■ **WHAT YOU WILL DO**: Would you print the lines below exactly, beginning at the line that has "金剛禅総本山少林寺大野城南道院" and stopping after the line that has "Częstym gościem przedszkola"? Only those lines, and no pictures.

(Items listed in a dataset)
******************************
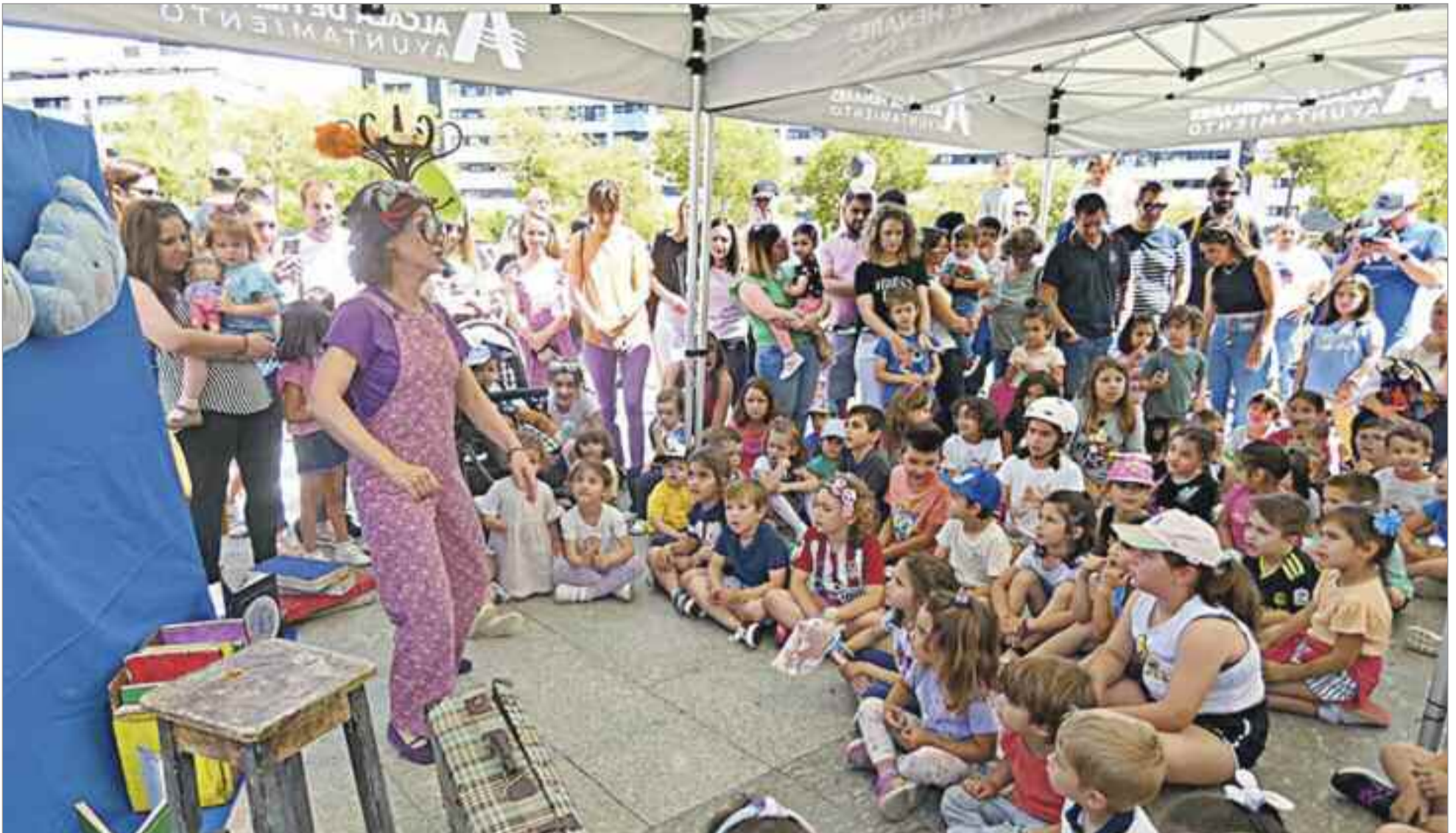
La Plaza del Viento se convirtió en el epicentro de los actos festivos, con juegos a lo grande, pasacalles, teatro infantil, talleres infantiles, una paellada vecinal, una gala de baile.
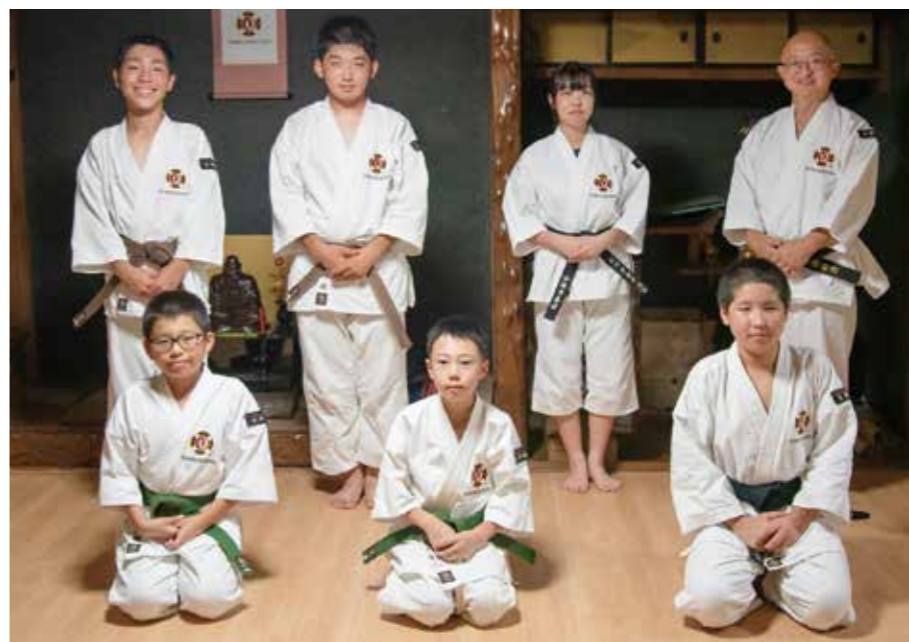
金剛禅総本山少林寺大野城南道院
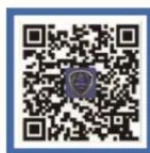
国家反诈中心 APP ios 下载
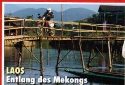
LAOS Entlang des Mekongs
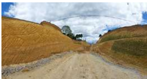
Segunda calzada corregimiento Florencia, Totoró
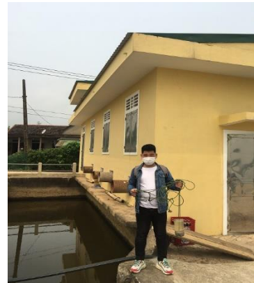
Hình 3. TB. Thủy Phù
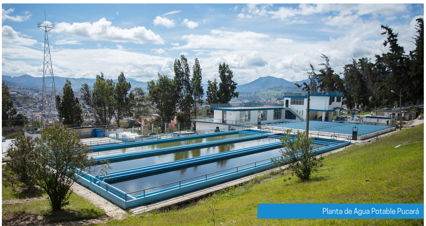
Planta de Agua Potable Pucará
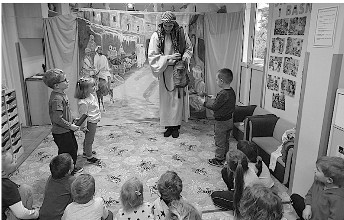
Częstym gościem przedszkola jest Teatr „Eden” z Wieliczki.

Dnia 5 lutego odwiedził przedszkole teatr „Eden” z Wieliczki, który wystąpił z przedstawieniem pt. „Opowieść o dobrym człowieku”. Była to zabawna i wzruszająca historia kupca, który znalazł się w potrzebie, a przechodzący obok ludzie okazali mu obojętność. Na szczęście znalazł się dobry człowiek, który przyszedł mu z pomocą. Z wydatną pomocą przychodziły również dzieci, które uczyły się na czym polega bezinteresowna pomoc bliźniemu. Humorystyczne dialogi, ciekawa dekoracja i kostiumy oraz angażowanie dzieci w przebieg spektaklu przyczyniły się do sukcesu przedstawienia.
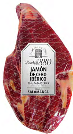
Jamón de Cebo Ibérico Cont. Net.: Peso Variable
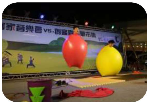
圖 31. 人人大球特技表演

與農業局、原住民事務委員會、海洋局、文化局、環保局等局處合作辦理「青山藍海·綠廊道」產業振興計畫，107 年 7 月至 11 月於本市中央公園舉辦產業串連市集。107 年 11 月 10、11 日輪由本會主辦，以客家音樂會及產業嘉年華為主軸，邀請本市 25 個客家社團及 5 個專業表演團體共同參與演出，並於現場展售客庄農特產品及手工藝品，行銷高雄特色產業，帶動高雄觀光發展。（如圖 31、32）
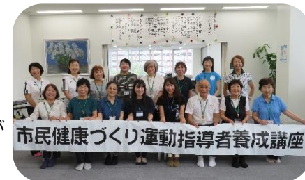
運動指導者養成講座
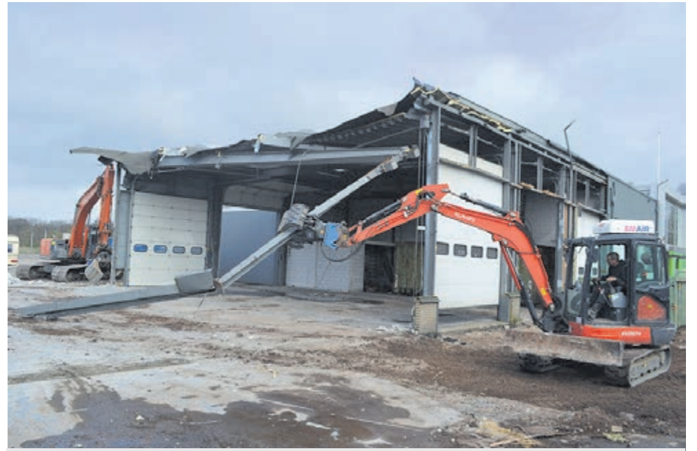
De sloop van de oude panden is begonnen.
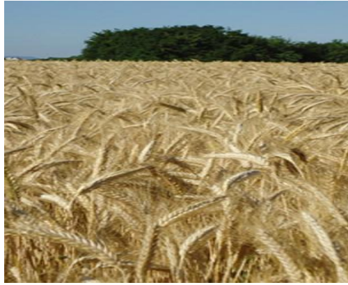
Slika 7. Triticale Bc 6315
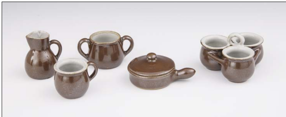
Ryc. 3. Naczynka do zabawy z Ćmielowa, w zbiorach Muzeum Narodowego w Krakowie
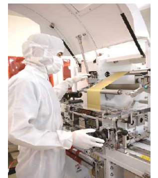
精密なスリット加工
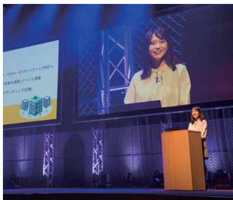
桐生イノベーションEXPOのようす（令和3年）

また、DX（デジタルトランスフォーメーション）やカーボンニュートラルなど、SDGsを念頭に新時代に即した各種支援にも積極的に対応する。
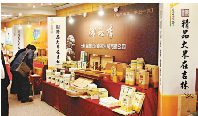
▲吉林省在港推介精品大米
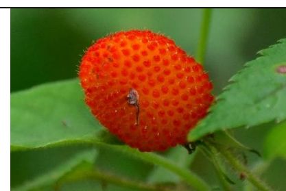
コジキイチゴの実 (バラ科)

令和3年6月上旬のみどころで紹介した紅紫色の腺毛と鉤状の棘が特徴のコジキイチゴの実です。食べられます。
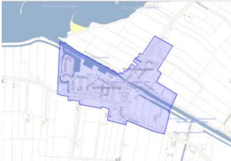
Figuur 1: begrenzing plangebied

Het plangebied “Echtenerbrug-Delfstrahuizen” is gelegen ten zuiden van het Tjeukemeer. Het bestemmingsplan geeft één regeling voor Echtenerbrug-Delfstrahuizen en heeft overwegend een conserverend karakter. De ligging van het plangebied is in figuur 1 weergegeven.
******************************
■ **RESPONSE TO THIS TASK**:
金剛禅総本山少林寺大野城南道院
国家反诈中心 APP ios 下载
LAOS Entlang des Mekongs
Segunda calzada corregimiento Florencia, Totoró
Hình 3. TB. Thủy Phù
Planta de Agua Potable Pucará
Częstym gościem przedszkola jest Teatr „Eden” z Wieliczki.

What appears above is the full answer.